Keeping up with the Adirondacks.
It was another blazing hot day on the farm in Rhode Island. I was sitting in the still air of the dining room, trying to remember what air conditioning felt like and wondering how the hell I was going to get from Mt. Desert Island, ME, to Rochester, NY, without losing my mind.
From the beginning of this trip, I'd wanted to avoid long stretches of driving so I could actually enjoy the drive itself.
I'm the kind of person that likes a long road trip and has excellent stamina for driving hours on end. Too bad the same can't be said for watching ballet or learning to play new board games. (Any games I've already learned to play are subject to the rules of my memory, which are usually modified ad hoc according to how lazy I'm feeling at the moment. "Score? No, we don't have to keep score. I'm pretty sure I won, though.")

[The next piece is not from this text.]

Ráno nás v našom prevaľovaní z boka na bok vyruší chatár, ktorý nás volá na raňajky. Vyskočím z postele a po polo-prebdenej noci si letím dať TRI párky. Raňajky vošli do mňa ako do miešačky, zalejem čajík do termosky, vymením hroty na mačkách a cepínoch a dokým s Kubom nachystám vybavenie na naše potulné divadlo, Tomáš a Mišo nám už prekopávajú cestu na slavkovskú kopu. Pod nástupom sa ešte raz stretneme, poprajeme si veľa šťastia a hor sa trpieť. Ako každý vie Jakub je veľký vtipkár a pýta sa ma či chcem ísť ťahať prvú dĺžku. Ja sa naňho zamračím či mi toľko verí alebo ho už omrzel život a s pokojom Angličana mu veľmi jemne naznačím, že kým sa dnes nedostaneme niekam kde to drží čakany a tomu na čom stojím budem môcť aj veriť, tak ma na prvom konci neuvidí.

But on this trip, I needed short stints if I was going to make it around the entire country. I couldn't afford to start hating driving.

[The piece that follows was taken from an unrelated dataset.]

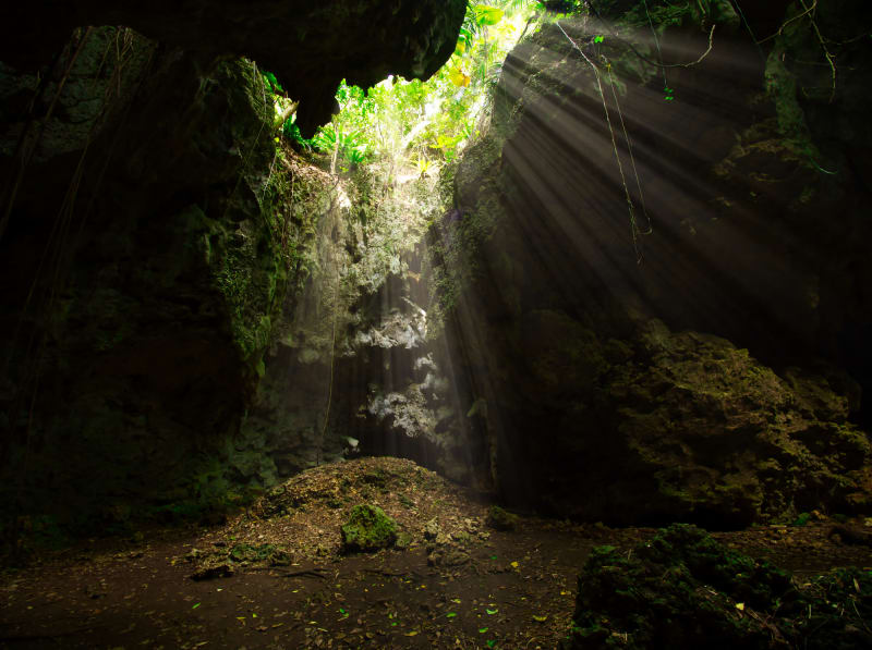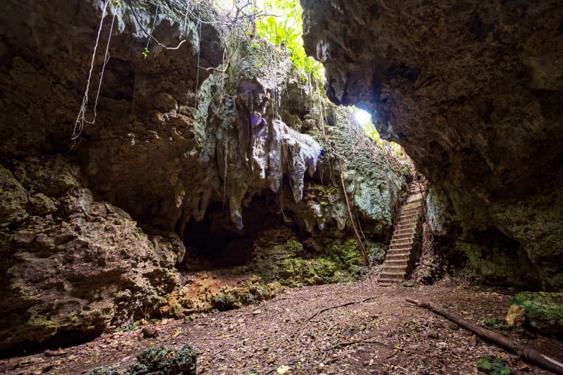 さとうきび畑を抜けると、ひっそりと鍾乳洞が現れます。『ヌドクビアブ』は、琉球石灰岩が長い時間をかけて溶けてできた洞窟で、木漏れ日が差し込む静かな雰囲気はとても神秘的。

The Adirondacks in upstate New York was a perfect midway point, and I called a friend who generously offered to let me stay at the family cabin on Lake George when I asked for suggestions of places to visit and crash.
These little miracles happen often enough when traveling to make me never want to stop. They also make it far easier to ignore the inevitable disasters that make you never want to travel again.
Before I embarked on this trip, I mapped out all of my intended destinations, checking routes and, for the most part, securing lodging. I knew I'd have to wing some of it from the road.
I could not have anticipated the amount of constant communication required to find places to stay. With so many options open at once, it could take hours in one sitting to route and reroute itineraries until I was certain I had somewhere to sleep.
Never knowing where I was going until a few days out was fun for a few weeks. Then it grew tiresome. Longer runways were needed to confirm a couch. I had to start planning more in advance.
With Lake George more or less settled, I slapped shut my laptop on the dining room table and looked out the window at the dusty, hot farm. It all seemed eons away as I got up to check on the pigs.
The Adirondacks still felt eons away as I drove eight hours on no sleep from the Maine coast, showing up at the cabin mid-afternoon with my head completely done in from the drive. I stood in the living room and felt, for the hundredth time, my stuff slide like sandbags from my shoulders and land unceremoniously on the floor.
I was getting used to this twinge upon arrival, the one that glues your feet to the ground and says, "What do you really need to do outside of this room, anyway? Explore nature? You know what trees look like. Go sit down."
Much like pre-schoolers or bombastic men, these thoughts go away if you nod and play along at first; then you can do whatever you want once they're pacified.
Obeying the lazies, I found succor in cable television and the promise of going on a long walk the next day. Absorbed in the histrionics of The Real Kardashians of Project Survivor, my body and brain remained blissfully inert until the next morning.
I woke up the next morning thrilled that I'd actually slept, and spent the day walking around the lake for a few hours.
Lake what you see? Ha.
Found on a walk. Just don't bother making high-brow jokes or asking them for tax advice.
When I returned in the afternoon, a neighbor flagged me down and, after chatting for a few minutes, offered me full use of his kayak. (I don't know how to say that without it sounding like a euphemism.)
Within the hour I launched into the lake, blinking in disbelief at my good luck and the beatific weather.
I realized with smug satisfaction that this was the kind of experience broke-ass me in my twenties hated hearing about: "Ohhh, I went to this beautiful place and did this amazing thing and it was transformative and gorgeous and blah blah blah wine blah blah blah you simply must if you can."
The lake was stunning: crisp air and crystalline water on a perfectly sunny day. I weaved my way through the inlets, paddling around small, rocky islands rife with evergreens. It was after Labor Day, so only a few boats were out, and I rode their wake with my elbows bent and paddle aloft, taking it all in.
I hope you hate hearing about this, too. That's how I'll know it was really worth it.
Taken from the dock, not the kayak. A purebred klutz knows better than to bring a phone on the water.
That night I sat on the deck, half-naked and half-remembering the names of the constellations above me. Why yes, they were Adirondack chairs. Why do you ask?
The next morning, I went on another long, meandering walk before leaving for Rochester, NY, where I'd be staying with a friend's parents for a couple of nights.
I packed up, triple-checked the ineluctable shut-down list -- as unique to every cabin as a set of freckles -- and set off for Rochester, my brain doing double-takes as the weekend's memories were cataloged and began to gel, my eyes on the road and looking for more surprises along the way.